- _Task_
Below are the records; retype them exactly and omit each picture.
*** Dataset records Section Begins ***
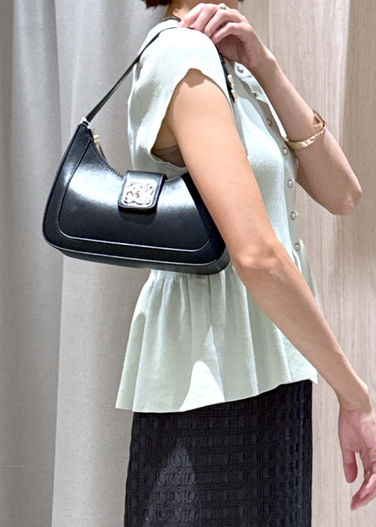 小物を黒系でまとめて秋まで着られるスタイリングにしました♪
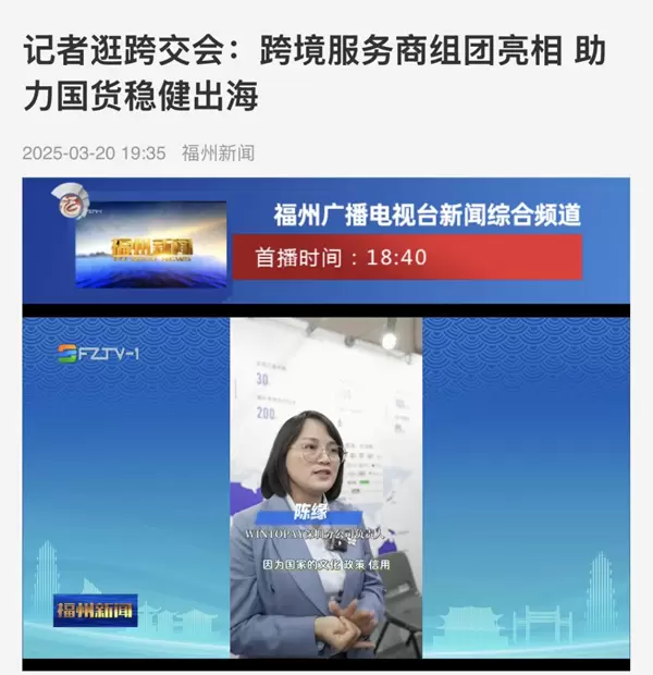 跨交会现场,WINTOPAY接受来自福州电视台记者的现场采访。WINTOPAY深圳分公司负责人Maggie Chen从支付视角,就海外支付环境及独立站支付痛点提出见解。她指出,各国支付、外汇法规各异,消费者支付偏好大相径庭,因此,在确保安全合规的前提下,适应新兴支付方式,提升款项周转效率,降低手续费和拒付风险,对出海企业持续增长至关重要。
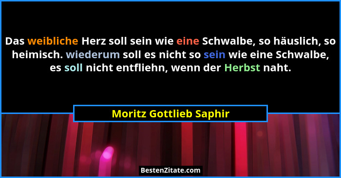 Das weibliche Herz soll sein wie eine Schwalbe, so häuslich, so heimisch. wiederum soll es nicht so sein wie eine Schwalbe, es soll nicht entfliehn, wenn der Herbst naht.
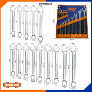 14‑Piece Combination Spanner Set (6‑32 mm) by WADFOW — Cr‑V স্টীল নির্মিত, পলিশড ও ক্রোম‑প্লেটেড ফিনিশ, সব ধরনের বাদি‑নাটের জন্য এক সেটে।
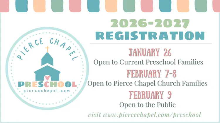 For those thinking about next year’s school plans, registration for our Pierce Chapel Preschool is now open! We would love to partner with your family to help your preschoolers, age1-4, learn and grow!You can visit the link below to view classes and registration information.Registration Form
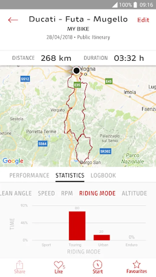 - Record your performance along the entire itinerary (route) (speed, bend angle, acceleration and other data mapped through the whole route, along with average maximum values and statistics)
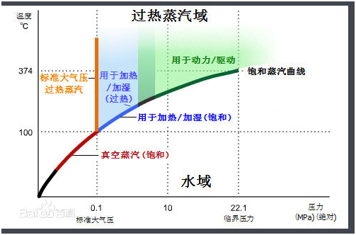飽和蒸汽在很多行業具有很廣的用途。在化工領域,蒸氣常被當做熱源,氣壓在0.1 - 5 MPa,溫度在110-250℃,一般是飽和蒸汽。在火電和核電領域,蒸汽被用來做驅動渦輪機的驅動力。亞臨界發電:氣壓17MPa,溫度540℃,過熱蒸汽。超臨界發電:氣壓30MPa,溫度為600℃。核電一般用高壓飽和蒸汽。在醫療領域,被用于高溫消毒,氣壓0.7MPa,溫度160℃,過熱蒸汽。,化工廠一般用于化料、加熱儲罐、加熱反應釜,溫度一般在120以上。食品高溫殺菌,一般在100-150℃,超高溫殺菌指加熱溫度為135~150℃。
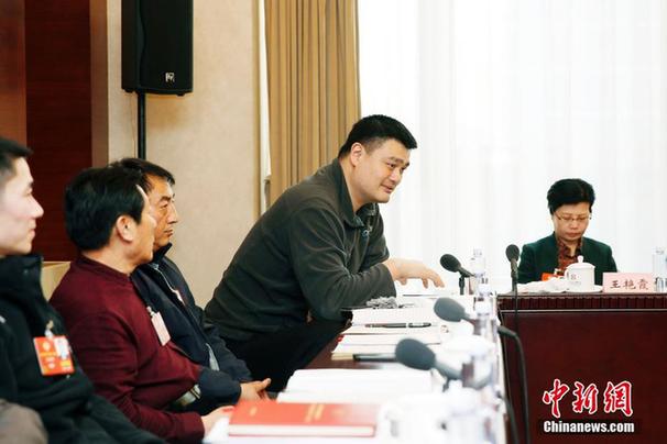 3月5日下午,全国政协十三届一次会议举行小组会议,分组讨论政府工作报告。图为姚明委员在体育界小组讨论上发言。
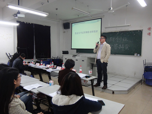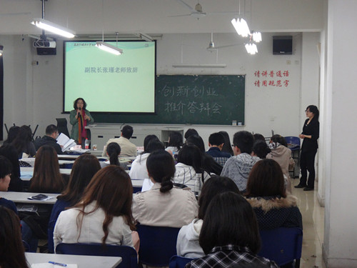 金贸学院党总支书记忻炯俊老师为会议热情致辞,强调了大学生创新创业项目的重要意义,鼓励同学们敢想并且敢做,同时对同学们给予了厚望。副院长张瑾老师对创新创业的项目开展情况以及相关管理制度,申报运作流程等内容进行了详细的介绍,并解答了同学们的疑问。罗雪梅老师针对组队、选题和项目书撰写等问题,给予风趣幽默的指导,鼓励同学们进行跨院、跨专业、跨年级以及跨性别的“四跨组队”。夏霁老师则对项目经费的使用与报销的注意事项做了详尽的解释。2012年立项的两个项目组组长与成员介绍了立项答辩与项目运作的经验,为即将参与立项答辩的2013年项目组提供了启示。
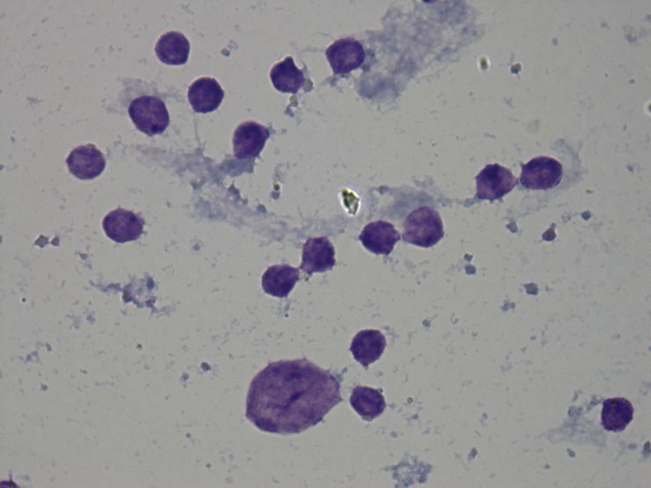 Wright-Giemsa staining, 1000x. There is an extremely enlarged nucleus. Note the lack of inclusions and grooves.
*** Dataset records Section Ends ***
- _Your solution_
 小物を黒系でまとめて秋まで着られるスタイリングにしました♪
 跨交会现场,WINTOPAY接受来自福州电视台记者的现场采访。WINTOPAY深圳分公司负责人Maggie Chen从支付视角,就海外支付环境及独立站支付痛点提出见解。她指出,各国支付、外汇法规各异,消费者支付偏好大相径庭,因此,在确保安全合规的前提下,适应新兴支付方式,提升款项周转效率,降低手续费和拒付风险,对出海企业持续增长至关重要。
 Das weibliche Herz soll sein wie eine Schwalbe, so häuslich, so heimisch. wiederum soll es nicht so sein wie eine Schwalbe, es soll nicht entfliehn, wenn der Herbst naht.
 14‑Piece Combination Spanner Set (6‑32 mm) by WADFOW — Cr‑V স্টীল নির্মিত, পলিশড ও ক্রোম‑প্লেটেড ফিনিশ, সব ধরনের বাদি‑নাটের জন্য এক সেটে।
 For those thinking about next year’s school plans, registration for our Pierce Chapel Preschool is now open! We would love to partner with your family to help your preschoolers, age1-4, learn and grow!You can visit the link below to view classes and registration information.Registration Form
 - Record your performance along the entire itinerary (route) (speed, bend angle, acceleration and other data mapped through the whole route, along with average maximum values and statistics)
飽和蒸汽在很多行業具有很廣的用途。在化工領域,蒸氣常被當做熱源,氣壓在0.1 - 5 MPa,溫度在110-250℃,一般是飽和蒸汽。在火電和核電領域,蒸汽被用來做驅動渦輪機的驅動力。亞臨界發電:氣壓17MPa,溫度540℃,過熱蒸汽。超臨界發電:氣壓30MPa,溫度為600℃。核電一般用高壓飽和蒸汽。在醫療領域,被用于高溫消毒,氣壓0.7MPa,溫度160℃,過熱蒸汽。,化工廠一般用于化料、加熱儲罐、加熱反應釜,溫度一般在120以上。食品高溫殺菌,一般在100-150℃,超高溫殺菌指加熱溫度為135~150℃。
 3月5日下午,全国政协十三届一次会议举行小组会议,分组讨论政府工作报告。图为姚明委员在体育界小组讨论上发言。
 金贸学院党总支书记忻炯俊老师为会议热情致辞,强调了大学生创新创业项目的重要意义,鼓励同学们敢想并且敢做,同时对同学们给予了厚望。副院长张瑾老师对创新创业的项目开展情况以及相关管理制度,申报运作流程等内容进行了详细的介绍,并解答了同学们的疑问。罗雪梅老师针对组队、选题和项目书撰写等问题,给予风趣幽默的指导,鼓励同学们进行跨院、跨专业、跨年级以及跨性别的“四跨组队”。夏霁老师则对项目经费的使用与报销的注意事项做了详尽的解释。2012年立项的两个项目组组长与成员介绍了立项答辩与项目运作的经验,为即将参与立项答辩的2013年项目组提供了启示。
 Wright-Giemsa staining, 1000x. There is an extremely enlarged nucleus. Note the lack of inclusions and grooves.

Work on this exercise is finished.